About this exercise: Copying rule for the data below: pictures stay out, and only the lines from the one with "grep open nmap-tcp.nmap" down to the one with "Lyrics of Natkhat", inclusive, are repeated exactly.

Source records:
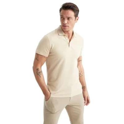 DeFacto Men's Polo Shirt, Stone, M
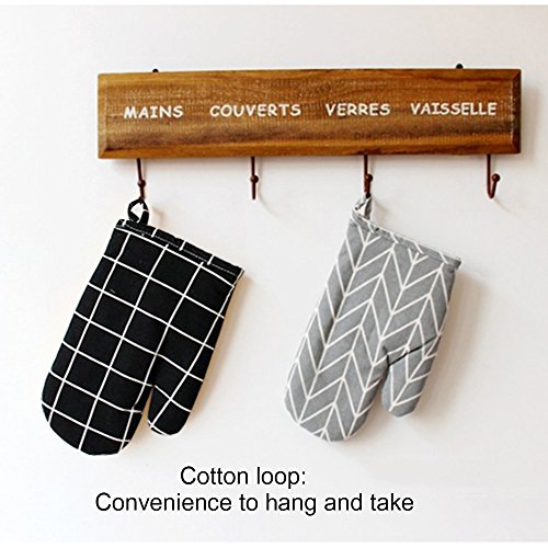- EASY TO CLEAN AND STORE---Machine washable and don’t worry it get dirty or greasy. Each pair of oven mitts with a cotton loop inside so they can be hung in wall hook. Quickly to find and take it, won’t take up space.
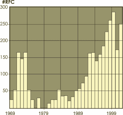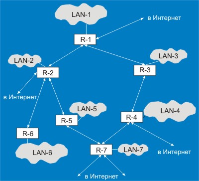 Рис. 1..2. Распределение публикаций документов RFC по годам с 1969 по 1999 Из этого распределения видно, что к 1979 году окончательно сформировался стек базовых протоколов и начался экстенсивный рост сети Интернет. По мере выявления недостатков протоколов и новых потребностей после 1989 года началась активная разработка новых направлений и приложений в Интернет. Но все по порядку. Начнем с того, как устроен Интернет. На рис. 1..3 показана общая схема, которая облегчит дальнейшее обсуждение данной проблематики (буквами R отмечены маршрутизаторы-порты локальных сетей). Каждая из сетей, составляющих Интернет, может быть реализована на разных принципах, это может быть Ethernet (наиболее популярное оборудование), Token Ring (вторая по популярности сеть), ISDN, X.25, FDDI или Arcnet. Все внешние связи локальной сети осуществляются через порты-маршрутизаторы (R). Если в локальной сети использованы сети с разными протоколами на физическом уровне, они объединяются через специальные шлюзы (например, Ethernet-Fast_Ethernet, Ethernet-Arcnet, Ethernet-FDDI и т.д.). Выбор топологии связей определяется многими факторами, не последнюю роль играет надежность. Использование современных динамических внешних протоколов маршрутизации, например BGP-4, позволяет автоматически переключаться на один из альтернативных маршрутов, если основной внешний канал отказал. Поэтому для обеспечения надежности желательно иметь не менее двух внешних связей. Сеть LAN-6 (см. рис. 1.3) при выходе из строя канала R2-R6 окажется изолированной, а узел LAN-7 останется в сети Интернет даже после отказа трех внешних каналов. Широкому распространению Интернет способствует возможность интегрировать самые разные сети, при построении которых использованы разные аппаратные и программные принципы. Достигается это за счет того, что для подключения к Интернет не требуется какого-либо специального оборудования (маршрутизаторы не в счет, ведь это ЭВМ, где программа маршрутизации реализована аппаратно). Некоторые протоколы из набора TCP/IP (ARP, SNMP) стали универсальными и используются в сетях, построенных по совершенно иным принципам.
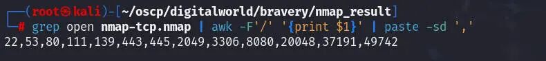 grep open nmap-tcp.nmap | awk -F'/' '{print $1}' | paste -sd ','
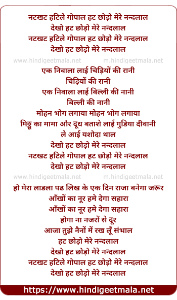 Lyrics of Natkhat Hatile Gopal Hat Chhodo - नटखट हटिले गोपाल हट छोड़ो
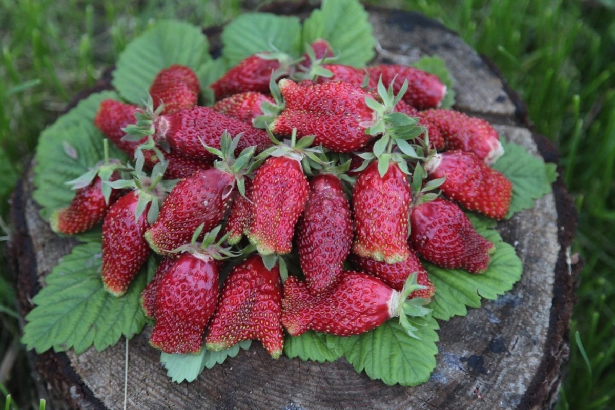 Кусты земклуники впечатляют своей мощью и декоративностью. Они образуют высокие, хорошо облиственные растения с цветоносами, которые гордо поднимаются над зеленью. Блестящие цветы распускаются в большом количестве, а завязываемость плодов почти достигает 100%. Ягоды, красные с легким фиолетовым оттенком, являются плотными и ароматными, а их уникальный мускатный запах перекрывает все другие сорта. При этом они остаются устойчивыми к переработке: не разваливаются, прекрасно сохраняют форму и цвет, что делает их идеальными для замораживания и использования в кулинарии.

Response to this exercise:
 grep open nmap-tcp.nmap | awk -F'/' '{print $1}' | paste -sd ','
 Lyrics of Natkhat Hatile Gopal Hat Chhodo - नटखट हटिले गोपाल हट छोड़ो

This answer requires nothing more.